** Recorded data follows **
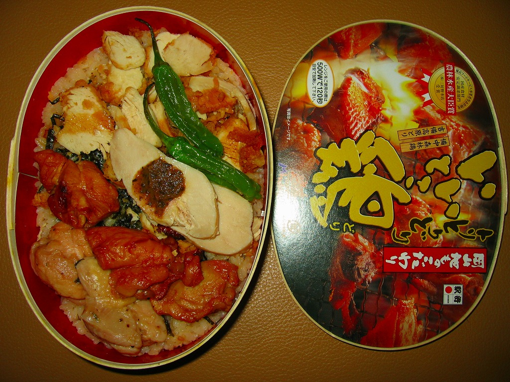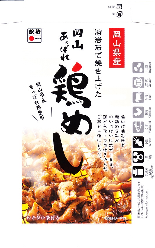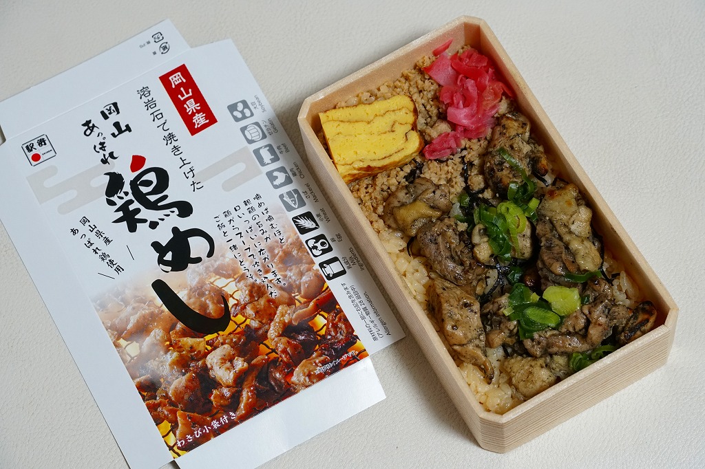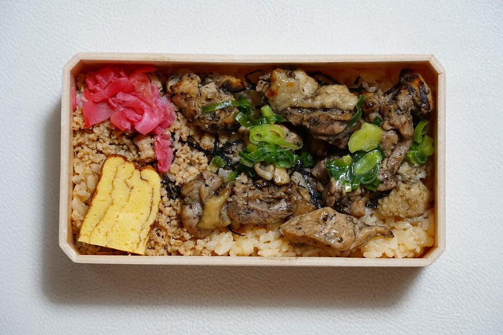 2022(令和4)年8月1日に6種類が発売された、岡山駅弁の新作。長方形の容器に味飯を詰め、刻み海苔で覆い、岡山県産あっぱれ鶏を使うという黒い焼き鳥をゴロゴロころがし、鶏そぼろも載せ、ねぎ、玉子焼、紅生姜で彩る。まるでネギ塩の焼肉を焼き過ぎたような、味や香りや口当たりに視覚でも鶏肉が炭っぽい、硬派で駅弁にはあまりない焼き鶏丼。価格は2022年の発売時や購入時で980円、2023年6月から1,080円、2025年時点で1,150円。
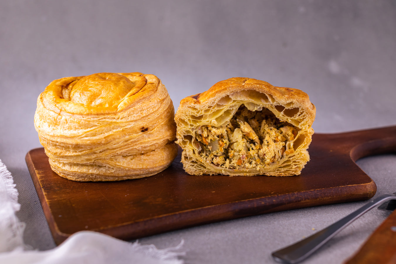 Base de masa hojaldre horneada rellena con pollo y verduras
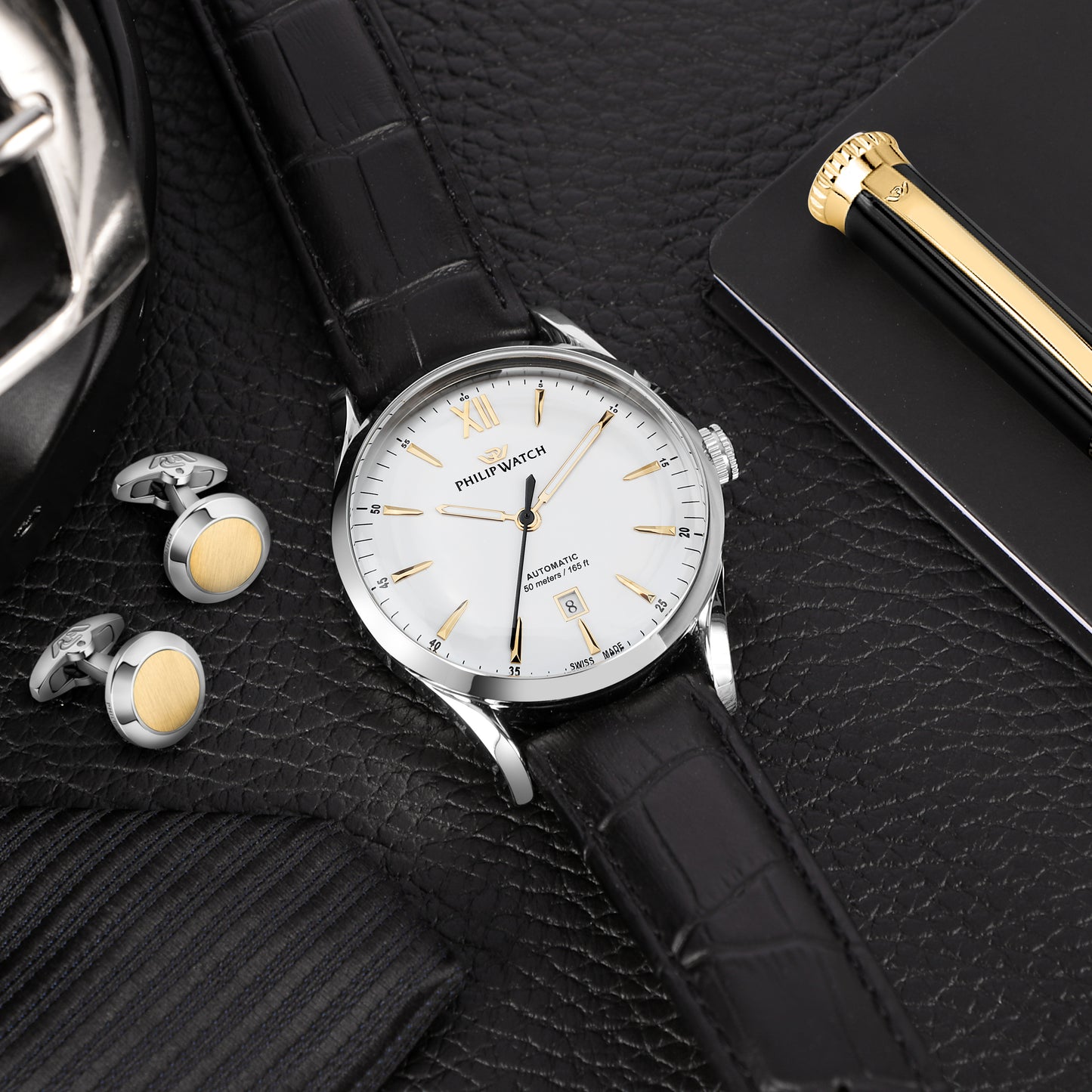 Tris: penna, gemelli e orologio.
** End of Recorded data **
## Task objective
Take the listing above and print it exactly, apart from the pictures.

## Answer box
 2022(令和4)年8月1日に6種類が発売された、岡山駅弁の新作。長方形の容器に味飯を詰め、刻み海苔で覆い、岡山県産あっぱれ鶏を使うという黒い焼き鳥をゴロゴロころがし、鶏そぼろも載せ、ねぎ、玉子焼、紅生姜で彩る。まるでネギ塩の焼肉を焼き過ぎたような、味や香りや口当たりに視覚でも鶏肉が炭っぽい、硬派で駅弁にはあまりない焼き鶏丼。価格は2022年の発売時や購入時で980円、2023年6月から1,080円、2025年時点で1,150円。
 Base de masa hojaldre horneada rellena con pollo y verduras
 Tris: penna, gemelli e orologio.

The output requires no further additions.